Taking the data below, please print only the lines from the line holding "當日盤面上,AI板塊表現亮麗" to the line holding "O‘ZBEKISTON RESPUBLIKASI OLIY", inclusive, with pictures omitted.

** Opening Input data block **

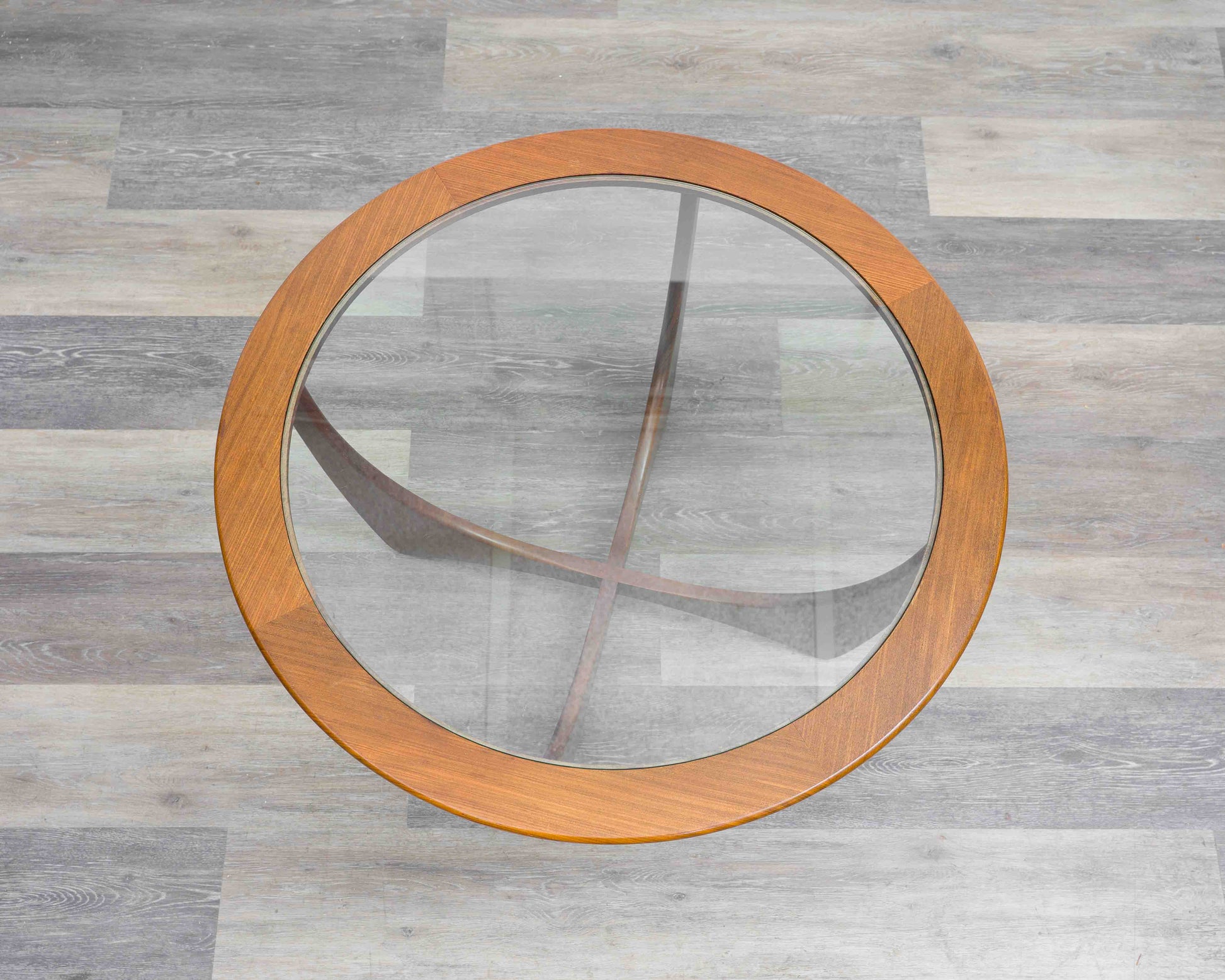 Schöner Couchtisch aus Teakholz mit einer eingelassene Glasplatte. Design von Victor Wilkins, für G-Plan, Großbritannien, Modell Astro. .Teak-Massivholz Einen Couchtisch in hochwertiger Verarbeitung und mit einem organischen Design. Sehr guter Originalzustand, überarbeitet. Minimale Gebrauchsspuren in Form von ganz leichten Kratzern auf der Glasoberfläche. Maße: Durchmesser 84 cm. Höhe 45 cm.
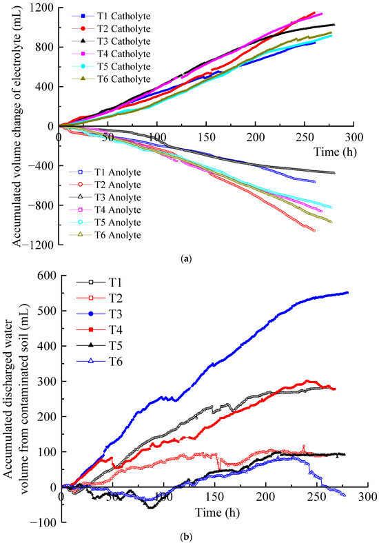 The migration of hydrated cations in the soil pore fluid to the cathode formed electro-osmotic flow under the action of an electric field. It is an important factor affecting the removal efficiency of EKR [27,28]. The accumulated volume changes of the anolyte and catholyte of T1–T6 are shown in Figure 5a. The difference between the accumulated volume increase in catholyte and the accumulated volume decrease in anolyte at the same time is the accumulated volume of discharged water from the contaminated soil, as shown in Figure 5b. It can be seen that in each test, the accumulated volume of the catholyte increased approximately linearly, whereas that of the anolyte decreased approximately linearly.
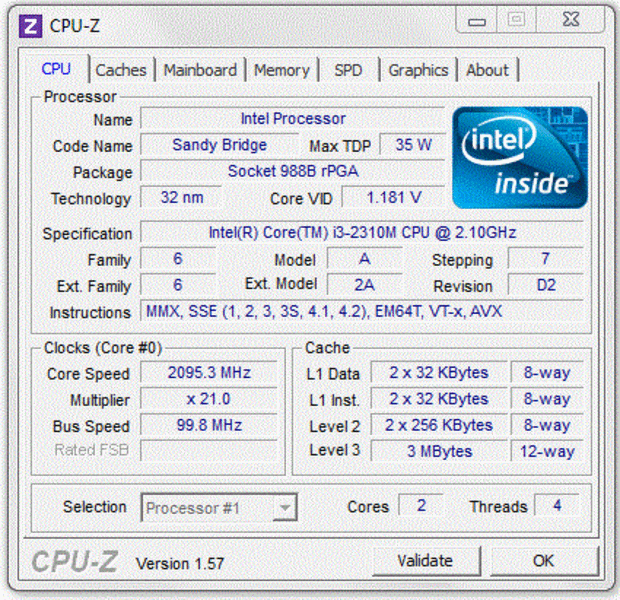 Als "Motor" kommt im Sony Vaio ein Intel Core i3 2310M zum Einsatz. Dieser ist im Gegensatz zu den i5- und i7-Modellen nicht mit der TurboBoost-Technik ausgestattet, allerdings kann auch der Intel Core i3 2310M die HyperThreading-Technik nutzen. Damit verdoppelt der Prozessor die Zahl der gleichzeitig ausführbaren Threads von zwei auf vier. Der Grundtakt des Prozessors liegt bei 2,1 GHz.
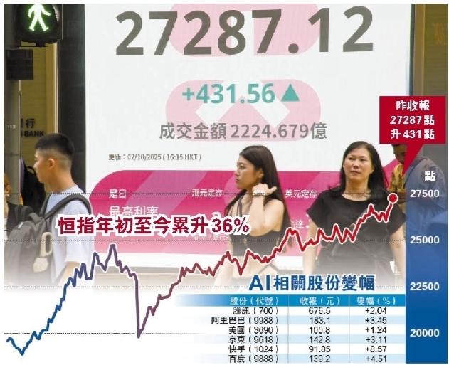當日盤面上,AI板塊表現亮麗,阿里巴巴(9988)被大行唱好,收升逾3%,報183.1元;快手(1024)升逾8%,報91.85元。其他科技股造好,騰訊(700)升13.5元或2%,報676.5元;美團(3690)升逾1%,報105.8元;京東(9618)升3%,報142.8元。
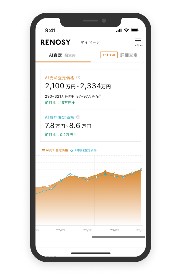 物件を所有するお客様向けにRENOSYのマイページ上で、AIが予測した推定賃料に連動した収益還元法で算出した不動産(※2)の査定価格を確認できる機能です。これによりRENOSYマイページは、居住⽬的で所有する物件と投資⽬的で所有する物件の査定価格を区別し、より正確な概算価格を提供することでお客様のニーズにお応えします。
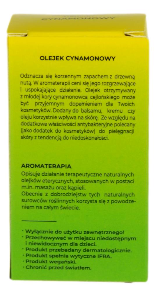 Odznacza się korzennym zapachem z drzewną nutą. W aromaterapii ceni się jego rozgrzewające i uspokajające działanie. Olejek otrzymywany z młodej kory cynamonowca cejlońskiego może być przyjemnym dopełnieniem dla Twoich kosmetyków. Dodany do balsamu, kremu czy oleju korzystnie wpływa na skórę. Ze względu na dodatkowe właściwości antybakteryjne polecany (jako dodatek do kosmetyków) do pielęgnacji skóry z tendencją do niedoskonałości.
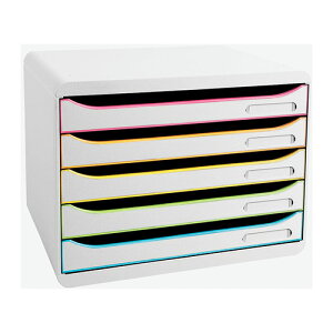 規格:A4判ヨコ型,5段 外寸:幅355×奥270×高271mm 重量:約2.7kg 引出内寸:幅324×奥248×高31mm 材質:PS(静電防止)
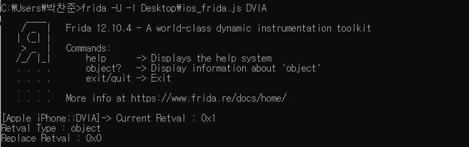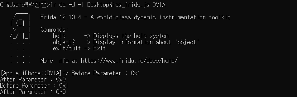물론 조금 더 우아한 방법을 사용할 수 있을 것이다. 그러나 IOS에 대해서 Frida를 처음 포스팅하는 것이기 때문에 가장 심플한 방법을 통해서 진행해봤다.
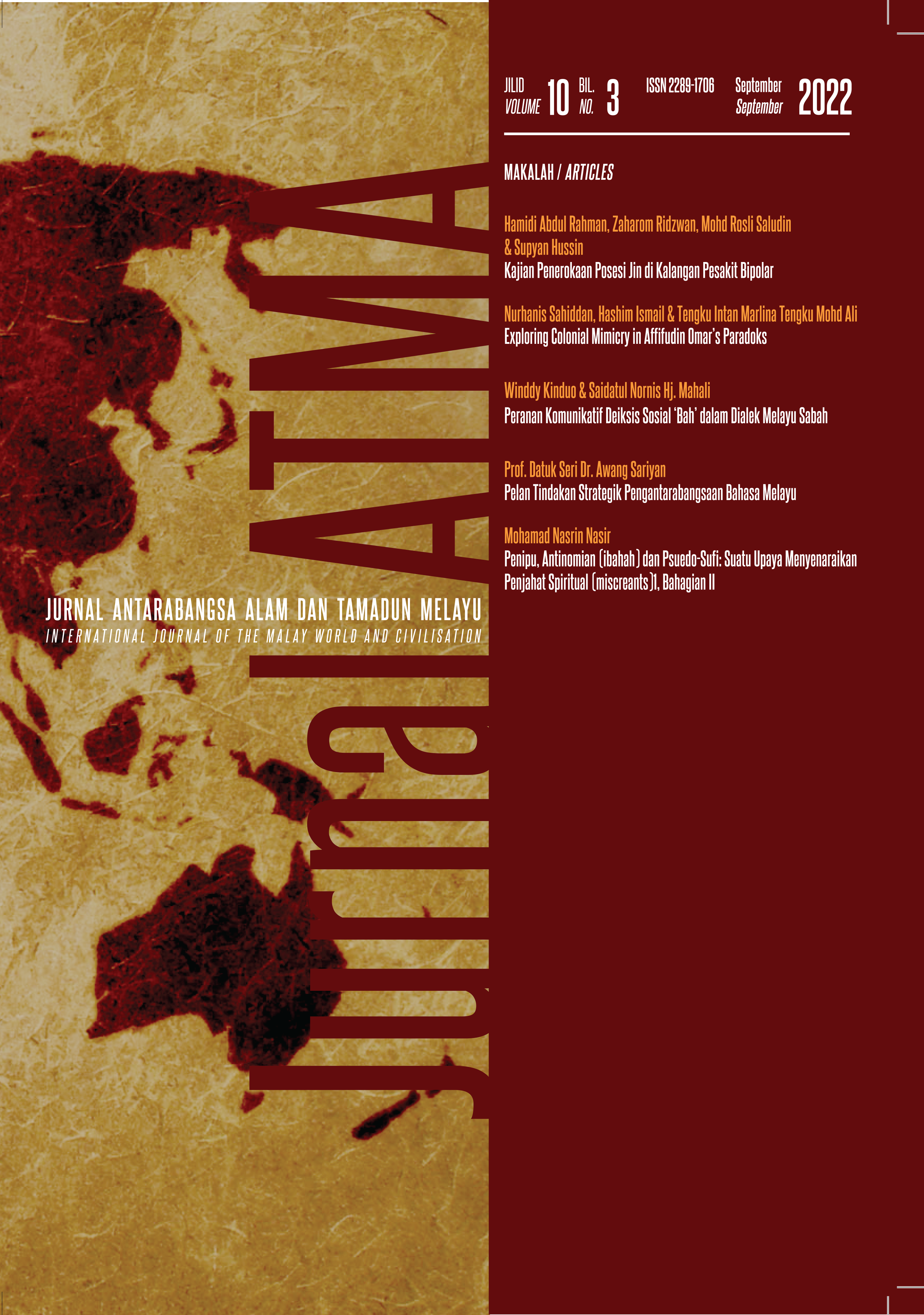 | 2) | Kajian Penerokaan Posesi Jin di Kalangan Pesakit Bipolar Hamidi Abdul Rahman, Zaharom Ridzwan, Mohd Rosli Saludin & Supyan Hussin |
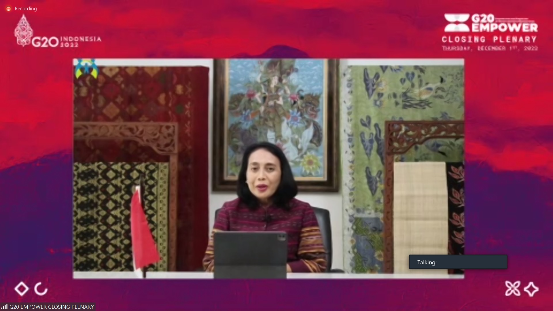 “Hal ini menunjukkan bahwa negara-negara anggota G20 juga serius menempatkan perempuan sebagai inti dari pembangunan yang inklusif dan berkelanjutan,” ujar Menteri PPPA dalam G20 EMPOWER Closing Plenary 2022, di Jakarta, Kamis (1/12).
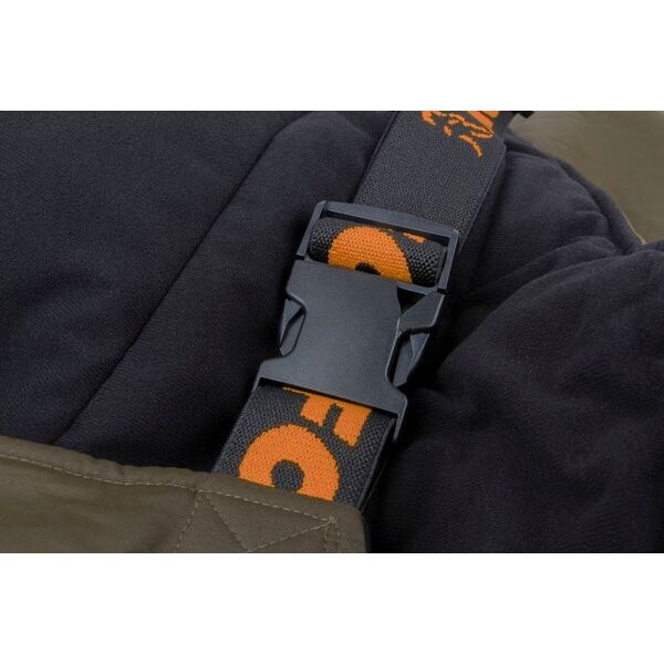 - Комбинезон имеет удобные молнии под высокие ботинки и регулируемые ремни вокруг лодыжки с брендированным резиновым фиксатором.
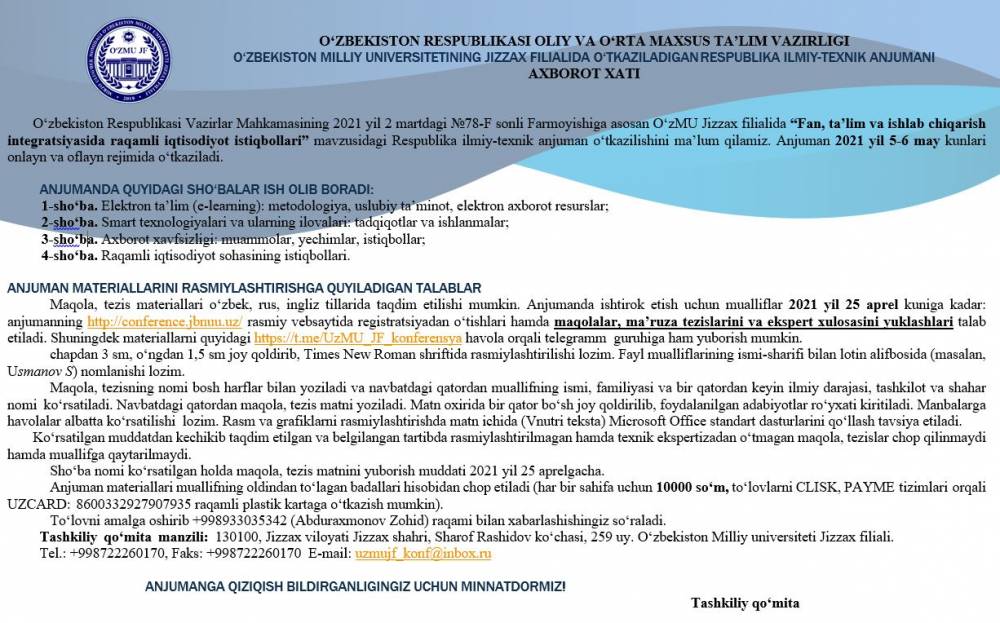 O‘ZBEKISTON RESPUBLIKASI OLIY VA O‘RTA MAXSUS TA’LIM VAZIRLIGI O‘zbekiston Milliy universitetining Jizzax filialida o‘tkaziladigan Respublika ilmiy...
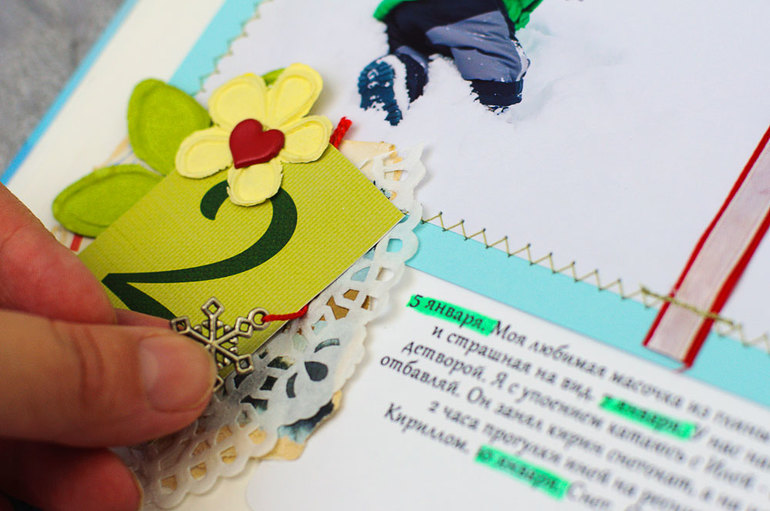 Из украшений - бумажные цветы (спасибо Ксюше за конфетку!), железная подвеска снежинка, салфетка, прошивки. Сетка от Натали.

** Closing Input data block **

Exercise result ▸
當日盤面上,AI板塊表現亮麗,阿里巴巴(9988)被大行唱好,收升逾3%,報183.1元;快手(1024)升逾8%,報91.85元。其他科技股造好,騰訊(700)升13.5元或2%,報676.5元;美團(3690)升逾1%,報105.8元;京東(9618)升3%,報142.8元。
 物件を所有するお客様向けにRENOSYのマイページ上で、AIが予測した推定賃料に連動した収益還元法で算出した不動産(※2)の査定価格を確認できる機能です。これによりRENOSYマイページは、居住⽬的で所有する物件と投資⽬的で所有する物件の査定価格を区別し、より正確な概算価格を提供することでお客様のニーズにお応えします。
 Odznacza się korzennym zapachem z drzewną nutą. W aromaterapii ceni się jego rozgrzewające i uspokajające działanie. Olejek otrzymywany z młodej kory cynamonowca cejlońskiego może być przyjemnym dopełnieniem dla Twoich kosmetyków. Dodany do balsamu, kremu czy oleju korzystnie wpływa na skórę. Ze względu na dodatkowe właściwości antybakteryjne polecany (jako dodatek do kosmetyków) do pielęgnacji skóry z tendencją do niedoskonałości.
 規格:A4判ヨコ型,5段 外寸:幅355×奥270×高271mm 重量:約2.7kg 引出内寸:幅324×奥248×高31mm 材質:PS(静電防止)
물론 조금 더 우아한 방법을 사용할 수 있을 것이다. 그러나 IOS에 대해서 Frida를 처음 포스팅하는 것이기 때문에 가장 심플한 방법을 통해서 진행해봤다.
 | 2) | Kajian Penerokaan Posesi Jin di Kalangan Pesakit Bipolar Hamidi Abdul Rahman, Zaharom Ridzwan, Mohd Rosli Saludin & Supyan Hussin |
 “Hal ini menunjukkan bahwa negara-negara anggota G20 juga serius menempatkan perempuan sebagai inti dari pembangunan yang inklusif dan berkelanjutan,” ujar Menteri PPPA dalam G20 EMPOWER Closing Plenary 2022, di Jakarta, Kamis (1/12).
 - Комбинезон имеет удобные молнии под высокие ботинки и регулируемые ремни вокруг лодыжки с брендированным резиновым фиксатором.
 O‘ZBEKISTON RESPUBLIKASI OLIY VA O‘RTA MAXSUS TA’LIM VAZIRLIGI O‘zbekiston Milliy universitetining Jizzax filialida o‘tkaziladigan Respublika ilmiy...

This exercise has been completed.